Skillv1.0.1

ClawScan security

Locate your position on modern Windows · ClawHub's context-aware review of the artifact, metadata, and declared behavior.

Scanner verdict

BenignMar 15, 2026, 5:26 PM

Verdict: Benign
Confidence: high
Model: gpt-5-mini
Summary: The instructions and requirements match the stated purpose: an instruction-only PowerShell script that uses the WinRT Geolocator to return device coordinates and does not request unrelated credentials or installs.
Guidance: This skill is internally consistent with its description: it provides a full PowerShell script that uses Windows' native WinRT Geolocator and requests no credentials. Before running, inspect the script (it's included) and only run it on machines where you trust the source because it requires running powershell.exe with -ExecutionPolicy Bypass. Be aware that the output is the device's precise location — treat it as sensitive data and avoid sending it to external services unless you trust them. If you want to reduce risk, run the script locally rather than allowing autonomous agent invocation, and avoid pasting results into third-party reverse-geocoding APIs unless necessary.

Review Dimensions

Purpose & Capability: okName/description claim WinRT-based Windows geolocation; the SKILL.md contains a PowerShell 5.1 script that loads System.Runtime.WindowsRuntime and instantiates Windows.Devices.Geolocation.
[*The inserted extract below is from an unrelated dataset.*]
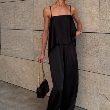 Silky Two Piece Set Women Wide Leg Pants

No unrelated environment variables, binaries, or network credentials are requested — this is proportional to the stated capability.
Instruction Scope: okThe runtime instructions are narrowly scoped to creating and running a PowerShell script that calls GetGeopositionAsync, converts the async result to a Task, and emits JSON. The script does not read other files, request unrelated system data, or transmit results to remote endpoints. Note: it instructs the user to run powershell.exe with -ExecutionPolicy Bypass, which is a common mechanism to run unsigned scripts but increases the risk if the script source is untrusted; the SKILL.md itself contains the full script for review.
Install Mechanism: okNo install spec and no code files beyond SKILL.md (instruction-only). Nothing is downloaded or written to disk by an installer step. This is the lowest-risk install profile.
Credentials: okNo environment variables, credentials, or config paths are required. The only sensitive output is device location (coordinates), which is expected for a geolocation utility. The documentation's reverse-geocoding example would send coordinates to a third-party service (external data exfiltration risk if you do that), but that example is optional and clearly labeled.
Persistence & Privilege: okThe skill does not request persistent presence (always:false) and does not modify other skill or system configurations. The platform default allowing autonomous invocation remains in effect, but this skill does not request elevated privileges or persistent tokens.